Find C. Reminder: the Hough transform is done with respect to an origin at the centre of the image, and you will need to convert back to image coordinates where the origin is in the top-left corner of the image.
e) Based on the equation of the line Ax+By = C that you obtained, compute yl and yr values for corresponding xl = 0 and xr = width of image - 1.
f) Display the original ‘macritchie.jpg’ image. Superimpose your estimated line by
>> line([xl xr], [yl yr]);
Does the line match up with the edge of the running path? What are, if any, sources of errors? Can you suggest ways of improving the estimation?
3.3 3D Stereo
This is a fairly substantial section as you will need to write a MATLAB function script to compute disparity images (or maps) for pairs of rectified stereo images Pl and Pr. The disparity map is inversely proportional to the depth map which gives the distance of various points in the scene from the camera.
Estimating Disparity Maps
The overview of the algorithm is:
for each pixel in Pl,
i. Extract a template comprising the 11x11 neighbourhood region around that pixel.
ii. Using the template, carry out SSD matching in Pr, but only along the same scanline. The disparity is given by
d(xl , yl ) xl xˆr
where xl and yl are the relevant pixel coordinates in Pl, and xˆr is the SSD matched pixel’s x-coordinate in Pr. You should also constrain your horizontal search to small values of disparity (<15).
iii. Input the disparity into the disparity map with the same Pl pixel coordinates.
a) Write the disparity map algorithm as a MATLAB function script which takes two arguments of left and right images, and 2 arguments specifying the template dimensions. It should return the disparity map. Try and minimize the use of for loops, instead relying on the vector / matrix processing functions.
b) Download the synthetic stereo pair images of ‘corridorl.jpg’ and ‘corridorr.jpg’, converting both to grayscale.
c) Run your algorithm on the two images to obtain a disparity map D, and see the results via
>> imshow(-D,[-15 15]);
The results should show the nearer points as bright and the further points as dark. The expected quality of the image should be similar to `corridor_disp.jpg’ which you can view for reference.
Comment on how the quality of the disparities computed varies with the corresponding local image structure.
3.4 OPTIONAL
Attempting the optional section will earn you extra credit. However, this is not necessary to achieve a decent coursework grade.
You will need to implement the algorithm in the CVPR 2006 paper entiled “Beyond Bags of Features: Spatial Pyramid Matching for Recognizing Natural Scene Categories”. You will need to use the benchmark Caltech-101 dataset and compare the classification results of Spatial Pyramid Matching (SPM) and the bag-of-words (BoW) method as in Table 2 of the paper by following the experimental setting in Section 5.2 of the paper.
4 REPORT
Please complete all questions and write / print all source code.

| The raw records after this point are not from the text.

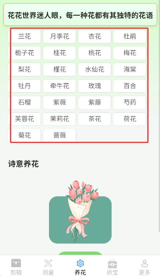 进入“养花”板块,就能查询各类花语的解读,帮助你更深入地理解不同花语所蕴含的意义。
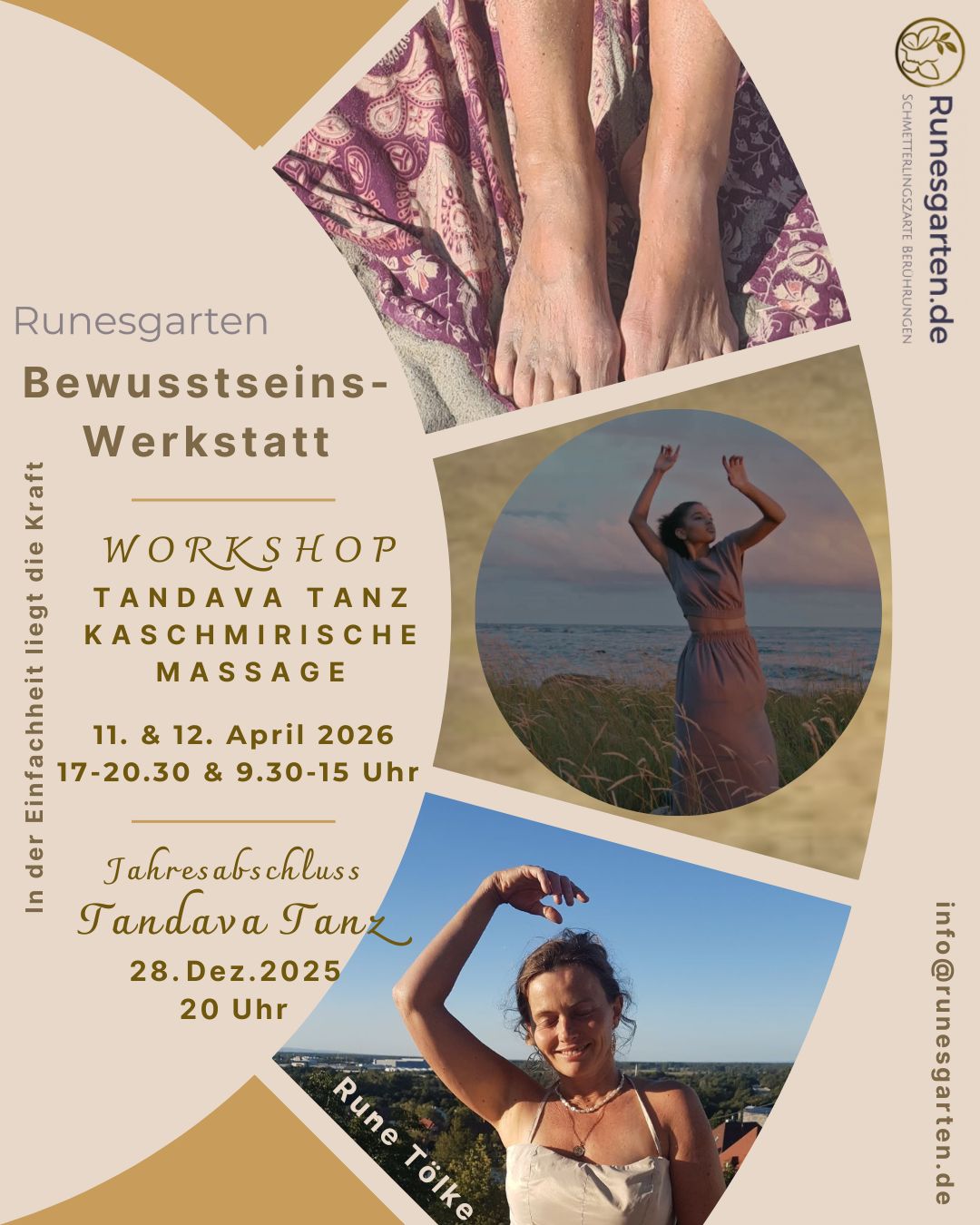 Die Kaschmirische Massage lädt dich ein, mit liebevoller Präsenz in Kontakt zu gehen – absichtslos, lauschend, weich. Im Tandava, dem uralten tantrischen Bewegungstanz, erforschst du dich selbst im Fluss deiner natürlichen Bewegung – atmend, spürend, verbunden.
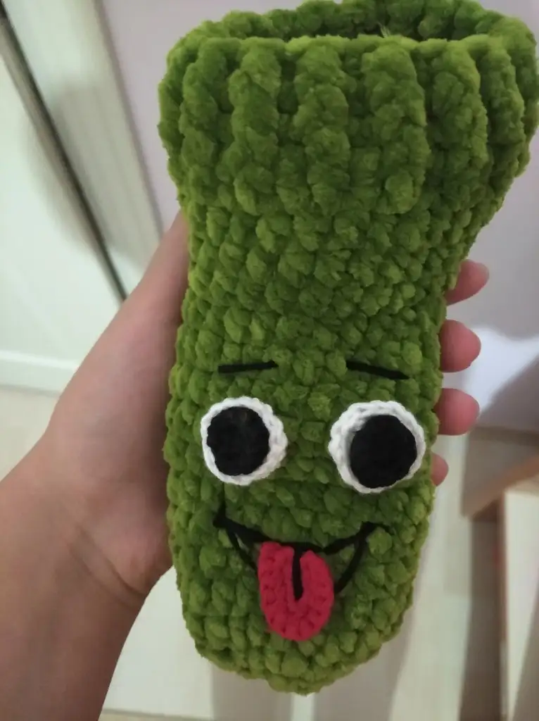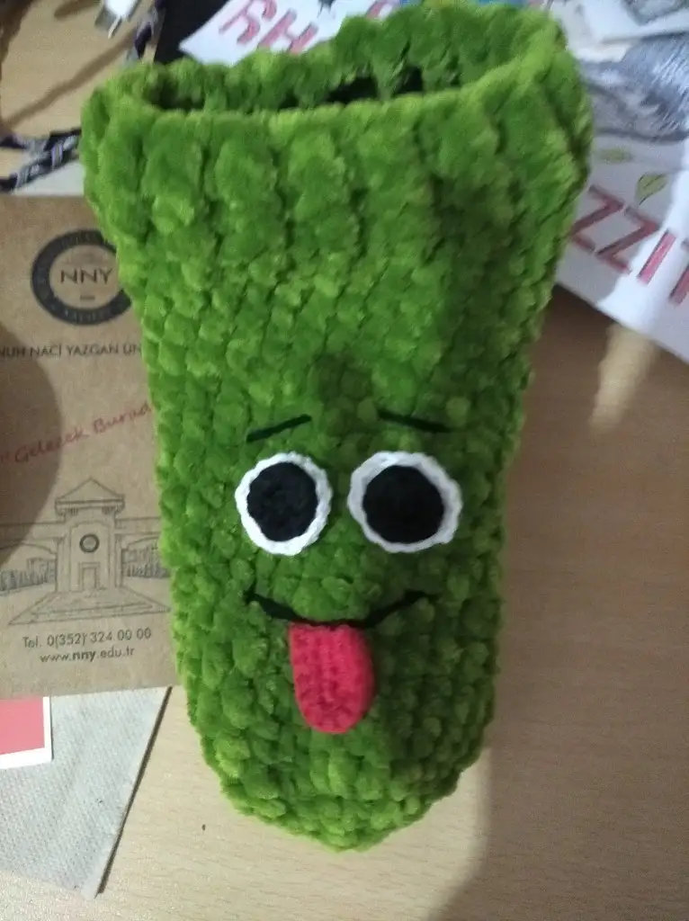 Çorabın tekini ördüm böyle oldu. Bir de surat yapayım burun kısmına diyorum. Kocaman gözleri olsun dil çıkarsın![]()

You are also encouraged to print the relevant images and graphs for inclusion in your logbook.
5 REFERENCES
1. Gonzalez, R. C. and Woods, R. E., Digital Image Processing, AddisonWesley, 1992.
2. K. R. Castleman, Digital Image Processing, Prentice-Hall, 1996
3. S. E. Umbaugh, Computer Vision and Image Processing, Prentice-Hall, 1998
4. Anil K Jain, Fundamentals of Digital Image Processing, Prentice-Hall, 1989
5. Getting Started with MATLAB. The MathWork, Inc., Natick, MA, 1984-1997.
6. Using MATLAB. The MathWork, Inc., Natick, MA, 1984-1998.
7. Using MATLAB Graphics. The MathWork, Inc., Natick, MA, 1984-1996.
8. Image Processing Toolbox User's Guide, The MathWork, Inc., Natick, MA, 1993-1997.
9. Signal Processing Toolbox User's Guide, The MathWork, Inc., Natick, MA, 1988-1996.